TASK STATEMENT: Working from the top of the listing below, retype each line through the line containing "সরেজমিনে দেখা যায়, পাকা", both included, with no pictures.

PROVIDED DATA:
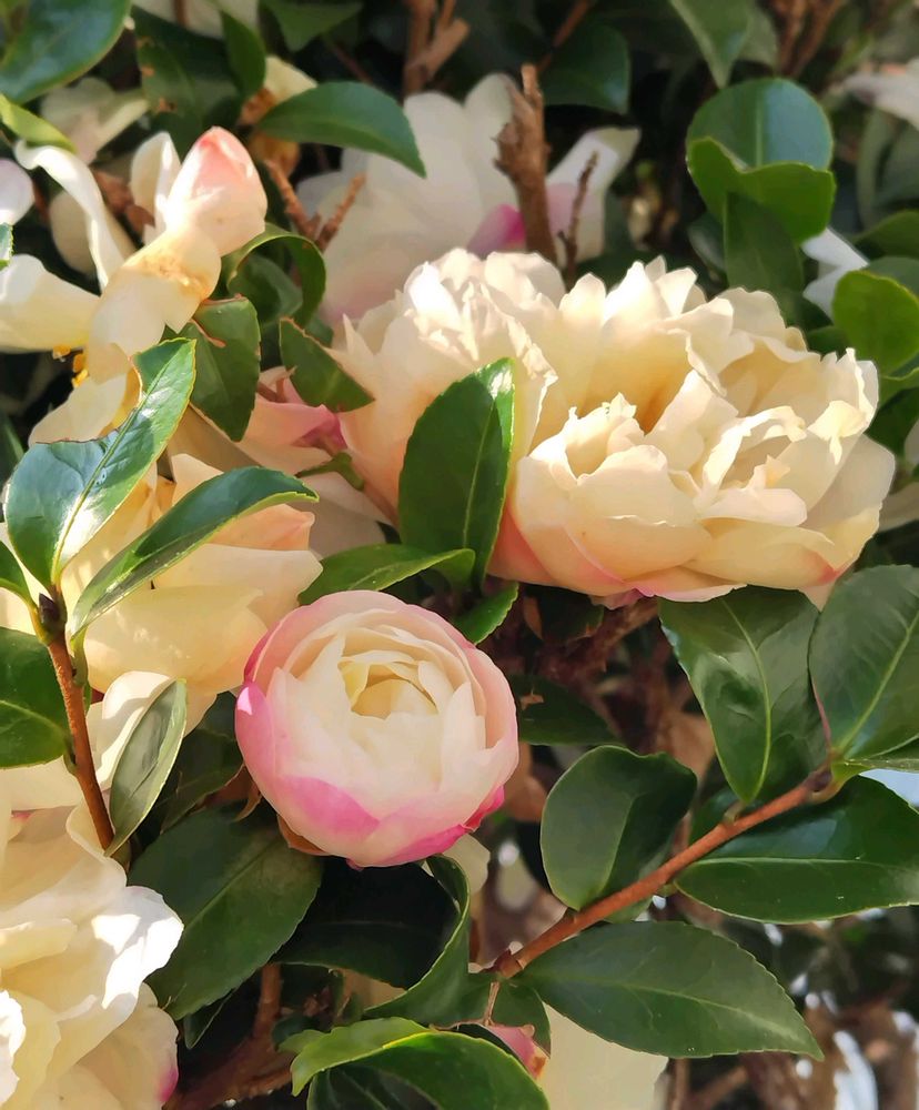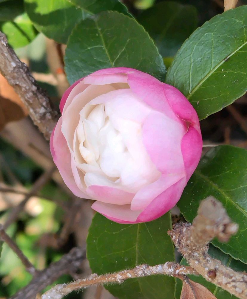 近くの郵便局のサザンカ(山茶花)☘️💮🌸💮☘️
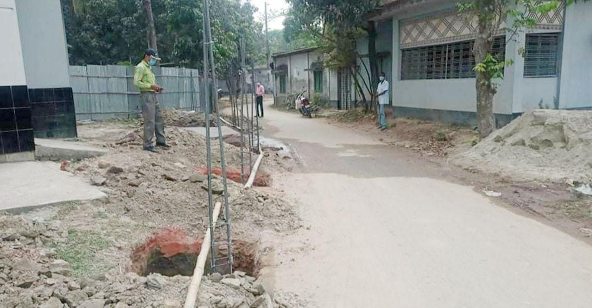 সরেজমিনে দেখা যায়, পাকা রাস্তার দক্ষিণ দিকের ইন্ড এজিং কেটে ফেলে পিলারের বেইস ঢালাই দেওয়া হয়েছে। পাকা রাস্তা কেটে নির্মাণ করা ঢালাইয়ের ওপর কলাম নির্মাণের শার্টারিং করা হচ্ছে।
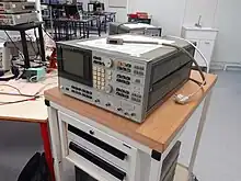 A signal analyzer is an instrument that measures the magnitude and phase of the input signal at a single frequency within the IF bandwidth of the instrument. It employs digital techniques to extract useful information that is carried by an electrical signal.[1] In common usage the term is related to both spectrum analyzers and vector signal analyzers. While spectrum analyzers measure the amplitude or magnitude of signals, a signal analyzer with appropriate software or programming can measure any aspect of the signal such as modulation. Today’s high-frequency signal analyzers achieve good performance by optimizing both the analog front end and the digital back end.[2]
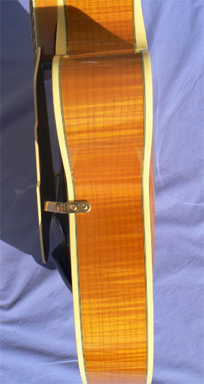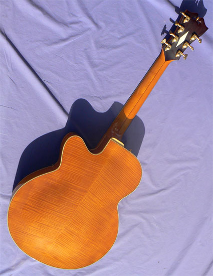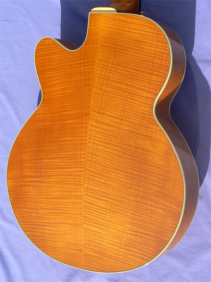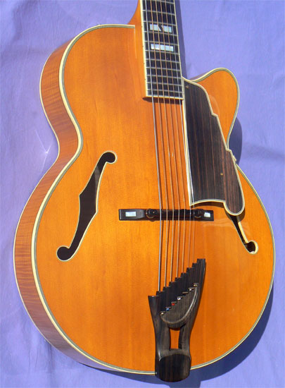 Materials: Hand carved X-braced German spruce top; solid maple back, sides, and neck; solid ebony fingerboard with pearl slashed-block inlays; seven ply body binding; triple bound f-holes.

PROBLEM SOLUTION:
 近くの郵便局のサザンカ(山茶花)☘️💮🌸💮☘️
 সরেজমিনে দেখা যায়, পাকা রাস্তার দক্ষিণ দিকের ইন্ড এজিং কেটে ফেলে পিলারের বেইস ঢালাই দেওয়া হয়েছে। পাকা রাস্তা কেটে নির্মাণ করা ঢালাইয়ের ওপর কলাম নির্মাণের শার্টারিং করা হচ্ছে।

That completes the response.